Pregnant or nursing (lactating) women.

Study Treatment

- VAY736: 150 mg powder in vial for solution for injection; after reconstitution to 150 mg/mL per vial, a dose of 300 mg will be given as s.c. injection

Efficacy Assessments:

- SRI-4 (SLE responder index)
- Physician Global Assessment Visual Analogue Scale (PhGA-VAS)
- Patient Global Assessment (VAS)
- Flare Rate by BILAG-2004 score
- Lupus Low Disease Activity State (LLDAS)

Additional study treatments: the patients will also receive approximately 75 to 80 mg methylprednisolone i.v. approximately one hour before first dosing of study drug VAY736 at Day 1.
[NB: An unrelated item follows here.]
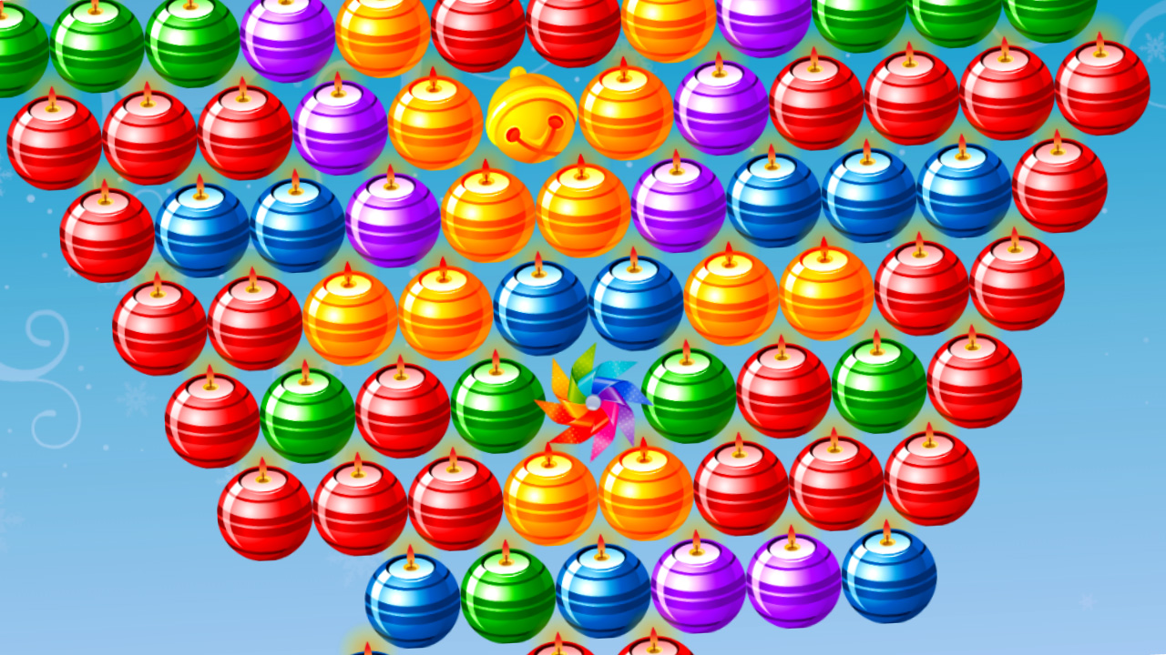 Winter Bubbles is a Classical bubble shooter game with winter theme. Aim and release the candle in order to combine it with other similar candles. Your goal is to collect the Golden Bell with the allowed time. Don’t let the candles reach the border. There are several power-ups which can be activated by shooting candle on them.

Guided Corticosteroid (CS) Reduction

- Patients entering the study on a stable CS regimen are required to undergo a guided CS taper from baseline levels starting at Week 5 in order to achieve by Week 17:
  - a daily CS dose of ≤5 mg/day prednisone or equivalent,
  - or a CS dose that is less than the baseline dose, whichever is the lower dose.
- In addition, the patient should remain at the lowered CS dose achieved at Week 17 through to Week 29.
- Patients entering the study without background CS therapy should remain free of any CS regimen or increase in SoC DMARDs through to Week 29.
- Patients exceeding the rescue therapy allowances may continue in trial but will be labeled a non-responder for primary endpoint.
- During the open label phase, further reductions in patients' SoC CS and DMARDs may be made on an individual basis as deemed appropriate by the investigator.

Results:

The proportion of study patients who achieved the composite primary endpoint at Week 28 of SRI-4 under sustained prednisolone reduction ≤5 mg/d was 42% greater for ianalumab than for placebo. Ianalumab also was better than placebo for the incidence of moderate or severe flares (45% vs 73%, respectively) and time-to-first flare (median not reached vs 11.9 weeks, respectively). At Week 28 the differences between ianalumab and placebo were 50% for proportion of patients achieving SRI-4 response, 34% for reduced corticosteroid use, 43% for the primary combined endpoint of these two outcomes, 20% for Lupus Low Disease Activity State (LLDAS) and 31% for BILAG-based Combined Lupus Assessment (BICLA). Ianalumab was well tolerated without any new safety signals detected during the blinded 28-week treatment period as well as during the open-label treatment period (Week 28 to Week 52) and subsequent safety follow up period.
Ianalumab 300 mg given every 3 months (q12w, quarterly) is expected to maintain depletion of circulating B cells and associated clinical effects.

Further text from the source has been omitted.